A study in the Journal of Investigative Dermatology suggested that using a cannabinoid receptor type 2 (CB2) agonist called lenabasum may lessen the discomfort caused by amyopathic dermatomyositis. Dermatomyositis is a rare systemic autoimmune disease with distinctive cutaneous features frequently accompanied by muscle inflammation, interstitial lung disease, and malignancy. This phase 2 trial examined the potential benefits of activating the endocannabinoid system to reduce the inflammation causing the symptoms.
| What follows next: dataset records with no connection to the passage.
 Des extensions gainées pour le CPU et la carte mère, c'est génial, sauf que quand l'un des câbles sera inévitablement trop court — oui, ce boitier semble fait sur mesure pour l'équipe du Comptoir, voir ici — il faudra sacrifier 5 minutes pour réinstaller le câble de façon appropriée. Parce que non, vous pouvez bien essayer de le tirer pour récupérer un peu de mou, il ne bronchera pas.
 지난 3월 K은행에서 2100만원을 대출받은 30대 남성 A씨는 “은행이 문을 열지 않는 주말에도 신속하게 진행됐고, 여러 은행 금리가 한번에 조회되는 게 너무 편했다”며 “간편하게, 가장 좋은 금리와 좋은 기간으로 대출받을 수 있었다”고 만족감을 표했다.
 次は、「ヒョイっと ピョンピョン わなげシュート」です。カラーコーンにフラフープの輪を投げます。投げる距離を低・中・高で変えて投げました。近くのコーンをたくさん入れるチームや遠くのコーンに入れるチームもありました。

Study participants included twenty-two adults diagnosed with moderate to severe skin disease caused by dermatomyositis. They received 20 mg daily of lenabasum or a placebo for 28 days, then 20 mg twice daily for 56 days. Their Cutaneous Dermatomyositis Disease Area and Severity Index (CDASI) levels were evaluated relative to baseline as well as secondary outcomes such as quality of life (measured with the Skindex-29) and specific biomarkers.
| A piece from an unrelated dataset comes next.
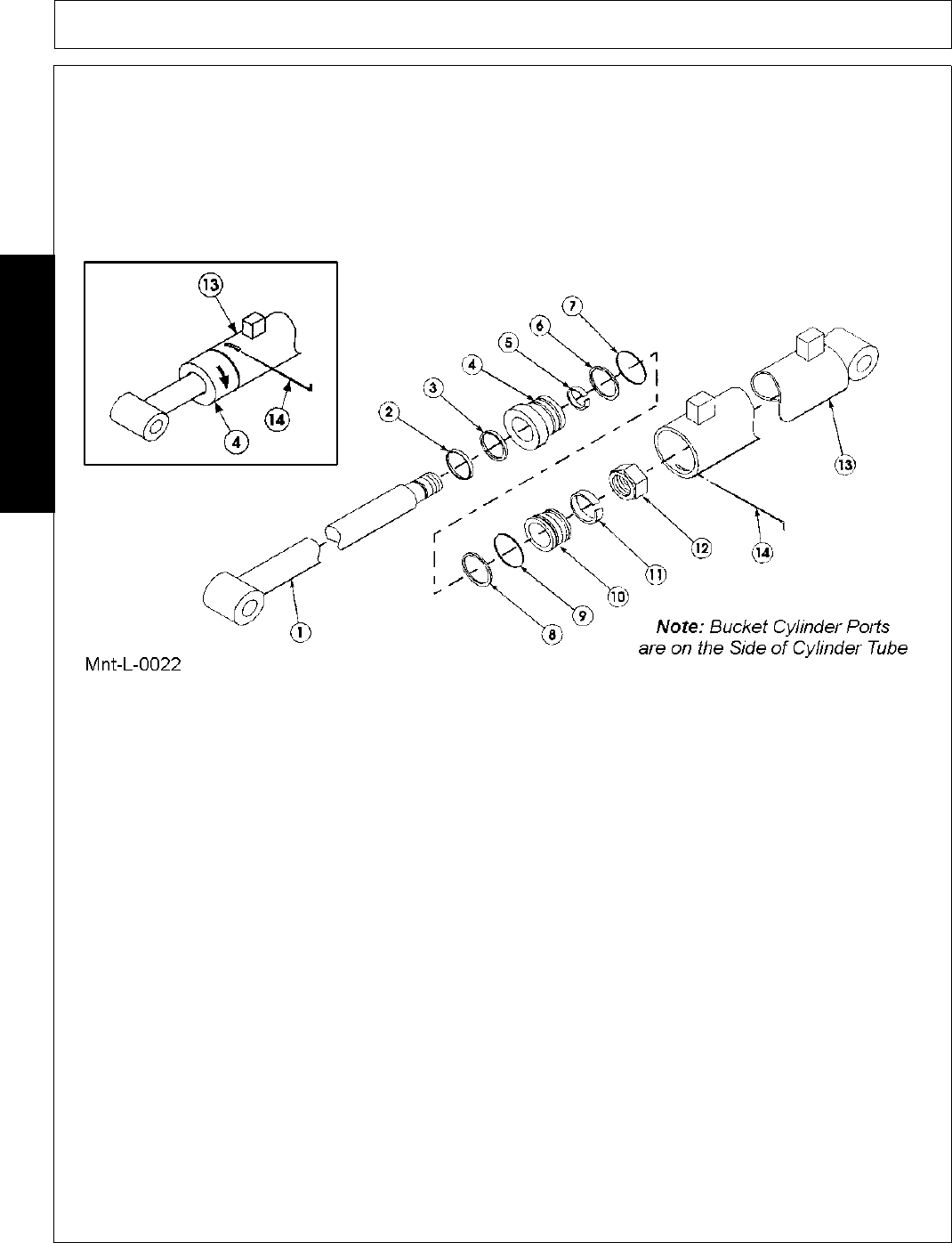 - 3. Set bucket level on ground and adjust level guide tube along bucket cylinder until end of guide tube is flush with end of rod.

More than 40% of the patients taking lenabasum demonstrated significant improvements. The study showed that the CB2 agonist lenabasum improved the skin of amyopathic dermatomyositis patients. The researchers noted that lenabasum was well-tolerated and effective. More than 40% of the patients in the study taking lenabasum demonstrated significant improvements on the CDASI, a validated disease-severity scale. Results showed a trend for the change from baseline CDASI to be greater in lenabasum versus placebo starting at Day 43, two weeks after a dose increase. On Day 113 there was a statistically significant difference between the two groups. The researchers noted that the drug was well tolerated.
Current clinical trials are trying to find effective new medications for any form of dermatomyositis. Intravenous immunoglobulin (IVIG) was recently approved last year. Current treatments are limited and often involve frequent and expensive intravenous infusions that may not be effective and can cause significant side effects.